In this industrial northern state, you can buy footage of a woman being raped for the price of a cheap meal.
Al Jazeera found several videos that appeared to depict rape for sale across the state. They cost from Rs 20 to Rs 200 (30 cents to $3) and are transmitted to a customer’s mobile phone in a matter of seconds.
The faces of the women are visible in these films. Their voices are clear. The attacks on them are brutal.
In Meerut, a city in western Uttar Pradesh, an area mostly known for the manufacturing of sporting goods, local contacts indicated that the movie files, marketed as “rape videos”, were available in nearby villages.
With shopkeepers cautious about selling them to non-locals, one local man in the village of Incholi – roughly 15km from Meerut – agreed to buy one and show it to Al Jazeera.
Shahnawaz, who declined to use his real name, said that the videos are not generally made with the intention of being sold on the open market. Still, he’s heard a lot about them.
“They make it to blackmail the victims [of rape] … so that they don’t go and file a complaint in the nearest police station,” Shawnawaz explained.
Sometimes, he said, the videos are stolen from the perpetrator’s phone when he takes his device to a shop for repairs. The stolen footage is them sold to anyone who asks for it.
Most shopkeepers are careful to sell the videos only to locals, and generally deny any knowledge of them. Some, however, agreed to share explicit videos, including rape clips, with Al Jazeera.
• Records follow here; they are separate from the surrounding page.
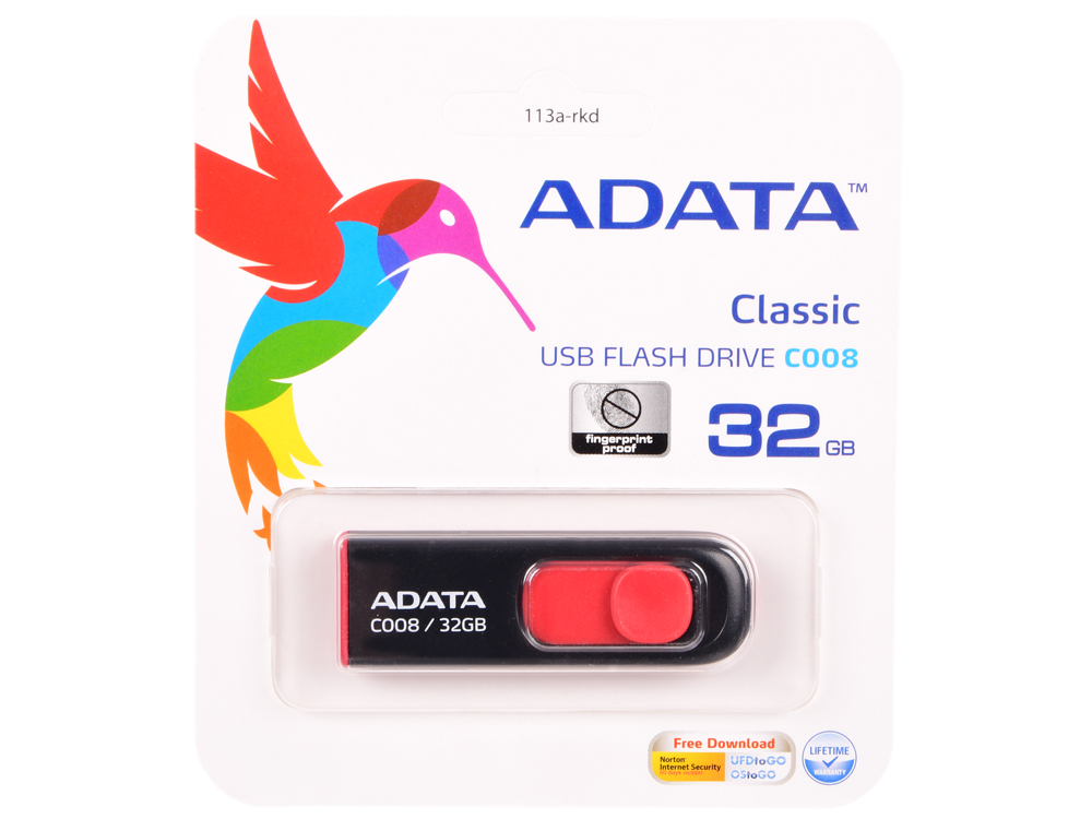 Флеш Диск A-Data 32Gb Classic C008 AC008-32G-RKD USB2.0 красный/черный
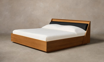 Rectilinear in form and rigid in materiality, the Verne Bed is a bold centerpiece for the bedroom. It has a white oak plywood frame and headboard accented with a contrasting bolster that adds a touch of softness. Handcrafted in New York.
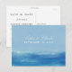 Cartões-postais de casamento com tema marinho com ondas de água marinha em aquarela e tipografia simples e elegante e fontes modernas sem serifa. Projetado para combinar com nossos convites de casamento elegantes de aquarela oceânica.
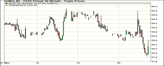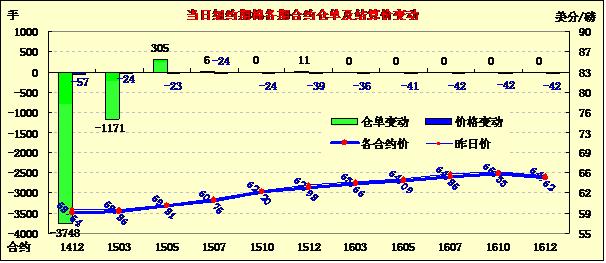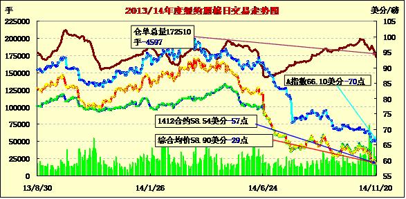11月20日紐約期棉下跌,近期合約再次創(chuàng)下新低,遠(yuǎn)月合約小幅下跌;近期1412月合約結(jié)算價58.54美分/磅,跌57點,主力1503月合約收于58.86美分/磅,跌24點。當(dāng)日主力合約低開,之后震蕩上行,盤尾買盤壓力重現(xiàn),期棉反彈失敗,成交量減少。12/3月合約價差18點。
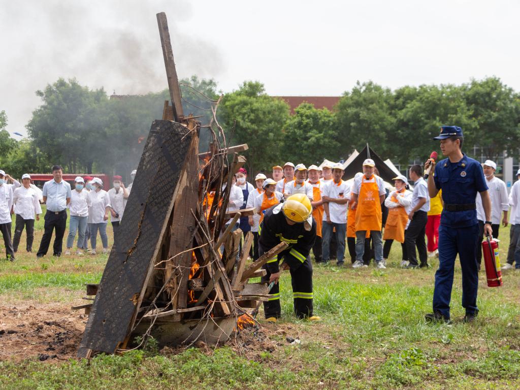 此次演练,把消防技能的讲授、培训和实操作为重要内容纳入其中。保卫处组织楼宇管理员、餐厅工作人员以及部分学生安全员,由阎良区消防救援大队的专职消防员讲解常用灭火器、灭火毯、防毒面具和消防水带的操作使用方法,并对初起火灾的扑救方法进行了详细的讲解和灭火实操示范,现场师生员工系统学习了消防基本技能,并进行了灭火器使用、消防水带连接等项目的现场演练。整个演练过程紧张有序,达到预期目的,提升了师生员工的消防安全意识和“四个能力”,夯实了校园消防安全管理工作基础。
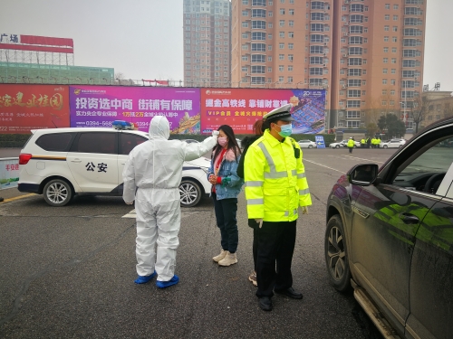 1月27日,寧洛高速沈丘縣收費站口,地方交警和醫(yī)護工作人員正在對每一臺下高速的車輛上的司乘人員進行體溫測量,檢查行駛證、駕駛證和身份證。目前,周口市境內(nèi)各收費站和服務(wù)區(qū)設(shè)立衛(wèi)生檢疫站,配備體檢測溫設(shè)備,對每一臺下高速的車輛上的司乘人員進行體溫測量,檢查行駛證、駕駛證和身份證。同時,要求各單位每天要對設(shè)施和??拷煌üぞ呦?,室內(nèi)要保持通風(fēng)。
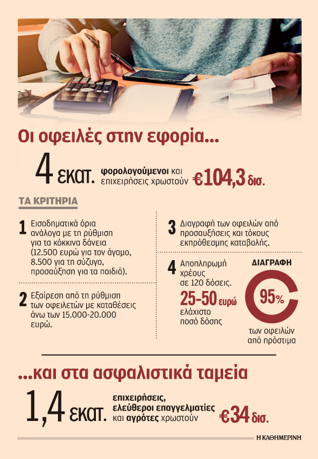 Σύμφωνα με πληροφορίες, στη ρύθμιση που αφορά τα χρέη στην εφορία θα εξαιρούνται, για παράδειγμα, όσοι φορολογούμενοι έχουν δεύτερες ή εξοχικές κατοικίες τις οποίες θα μπορούσαν να εκποιήσουν για να αποπληρώσουν τις οφειλές τους, ενώ θα ισχύσουν και εισοδηματικά όρια τα οποία θα προσαυξάνονται ανάλογα με το ύψος της οφειλής. Οι πιστωτές της χώρας δεν επιτρέπουν σε καμία περίπτωση τη θεσμοθέτηση ρύθμισης χωρίς όρους και προϋποθέσεις, όπως αρχικώς σχεδίαζε η κυβέρνηση, η οποία πλέον χρησιμοποιεί ως «μπούσουλα» τη ρύθμιση για την προστασία της πρώτης κατοικίας.
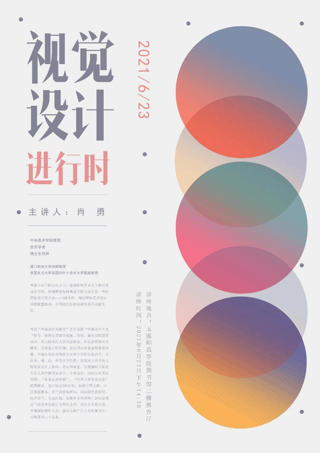 下午2:30,肖勇教授在玉溪师范学院图书馆进行了主题为“视觉设计进行时”的讲座。
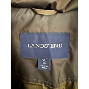 Lands’ End Women’s Down Puffer Coat Olive Green XL 18 Faux Fur Hood Parka Warm
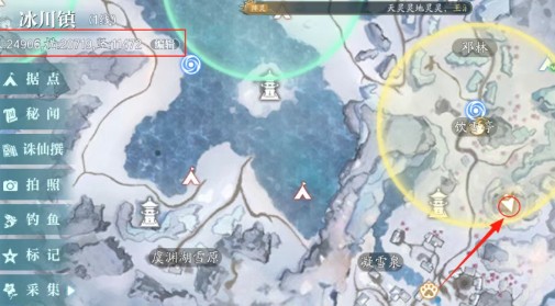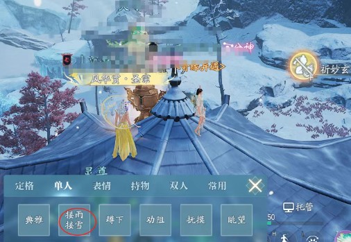 2.到冰川镇这里的灯塔上(24906,20719,11454),在夜晚使用动作“接雨接雪”。

One of them admitted that he had many such “local films”, as the videos are euphemistically referred to. There are watchwords in the trade – akin to a secret handshake – that let the sellers know that a customer seeks rape videos – as opposed to other pornography, which the kiosks also sell.
Once a rape video reaches one dealer, it spreads like wildfire, through applications such as WhatsApp, to other parts of the country. In fact, “WhatsApp sex videos” is one term used for rape videos in this part of the country.
In the village of Saharanpur in western Uttar Pradesh, one man who readily admitted that he frequently purchases pornography – particularly videos of rape – told Al Jazeera that he buys them from other nearby villages.
The videos he buys at shops and kiosks come mainly from other customers who sell the footage to the shopkeepers, he explained. He has a collection of these films on his laptop and described the rape footage as “pornography”.
He watches the videos, he said, because they give him “peace of mind”.